FIELD OF INVENTION
The invention relates to intelligent boiler tube leak detection system for leak detection inthermal power plants. Tube leaks are one of the major causes for boiler outage. Early detection of leaks enables corrective measures to prevent expensive secondary damages. Presently, power plants deploy 12-30 acoustic sensors at strategic locations to detect leaks. These sensors are usually connected to a remote signal processing unit at the control room using signal wires carrying power and analog leak noise signals. The remote processing module processes these signals to detect the presence of leaks. The present invention relates to anintelligent boiler tube leak detection system which employs intelligent sensors connected over an intelligent fail-safe digital network.
BACKGROUND OF THE INVENTION & PRIOR ARTS
High pressure leaks in power plants can cause extensive damage in boiler components and unexpected downtimes. Historically, detection methods like manual inspection, detecting increase in makeup water use and temperature monitoring were used, which can only find leaks of significant size, when considerable damage would have already been caused. Later, acoustic steam leak detection systems which place multiple acoustic sensors at various strategic

locations were used for leak detection. These systems usually consist of a sensor module with the sensing element or transducer, a field amplifier module which amplifies the signal; a cable means to transmit the signal to a remote processing module; the remote processing module which processes the independent/ multiplexed signals; a display unit which provides user interface. The present invention describes an intelligent sensor which is capable of detecting leaks by itself and has automatic calibration, automatic purging, acoustic spectral analysis, and machine learning to augment the leak detection functions.
Indian Patent 217835, titled “A Sonic Tube Leak Detection Device for Boilers To Detect Steam Leakage of Boiler Tubes”relates to a sonic tube leak detecting device (STLD) for boilers to detect steam leakage of boiler tubes comprising a sonic tube assembly, an acoustic sensor, a pre amplifier unit and a system panel, said sonic tube assembly comprises a matching unit, isolating unit and a heat insulating coupling, said acoustic sensor comprises a coupling, an electronic unit, an insulated bush, a s.s.bush and a connector, said system panel comprising a modular system electronics, a monitor, a PC, an audio system, a key board and a printer, the steam leak noise being converted into electric signal in the sensor which is amplified in the preamplifier unit, the current signal and the voltage with frequency information being processed through the processor module, the out-put signal being simultaneously fed to a V/I converter, a comparator circuit, an analog remote display read out and a computer system for storage, mimic

generation, graphical read out, historical and trend reporting. The present invention uses intelligent sensors implementing digital signal processing techniques minimises analog circuitry while providing more insight for the power plant operator.
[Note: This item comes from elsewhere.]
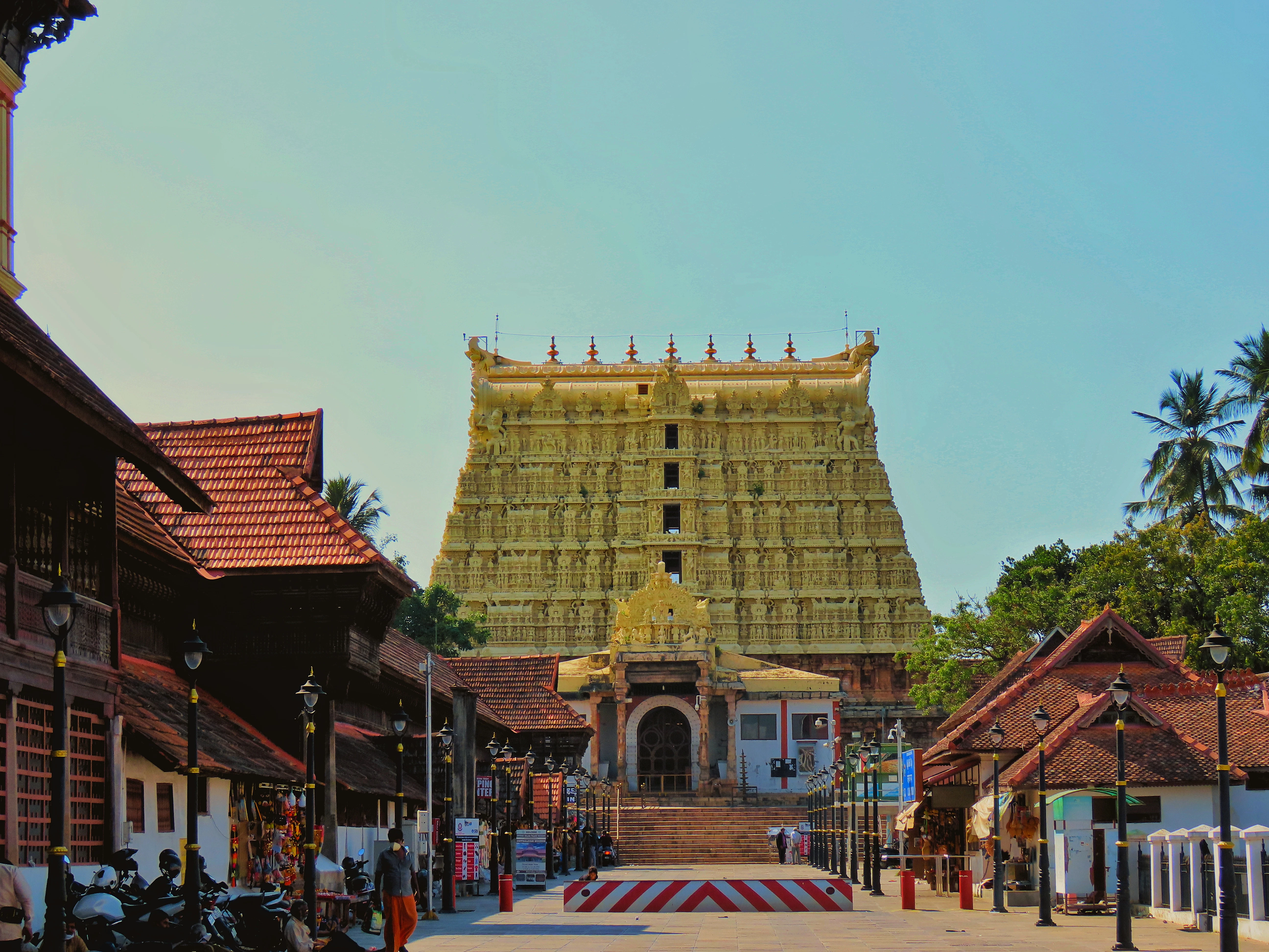 Padmanabhaswamy-Tempel — nur Hindus dürfen hinein. Männer müssen Dhoti (Wickelrock) tragen, Frauen Sari oder Salwar.

Indian Patent Application942/Kol/2014, describes a method and apparatus for automatic configuration and calibration of acoustic sensors employing acoustic sensors and calibrator with a wireless/ RF interface. Indian Patent Application 643/Kol/2015, describes intelligent sensors for leak detection which are capable of detecting leaks based on spectral processing using digital signal processing and machine learning having additional features - automatic calibration, powerless configuration, automatic purging and self-diagnostics. The current invention interconnects these sensors in an intelligent way to achieve plant wide information.
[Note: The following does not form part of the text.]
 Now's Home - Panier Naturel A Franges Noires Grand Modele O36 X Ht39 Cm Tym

US Patent 20120093203 discloses a data communication method, communication device, and communication system wherein a master device is connected, through the first RS485/RS422 port and the second RS485/RS422 port of the master device, to the at least two slave devices by using an RS485/RS422 bus loop, and when transmitting the data from the first RS485/RS422 port of the master device to the slave device connected to the master device through the first RS485/RS422 port of the master device, the master device activates the data transmission function on the first RS485/RS422 port of the master device while inactivates the data transmission function on the second RS485/RS422 port of the

master device; and when a line interruption is detected, inactivating the data transmission function on the first RS485/RS422 port of the master device, and activating the data transmission function on the second RS485/RS422 port of the master device. The system uses two RS485 ports on the slave end while present invention implements a fail-safe communication system using only a single port at the slave end.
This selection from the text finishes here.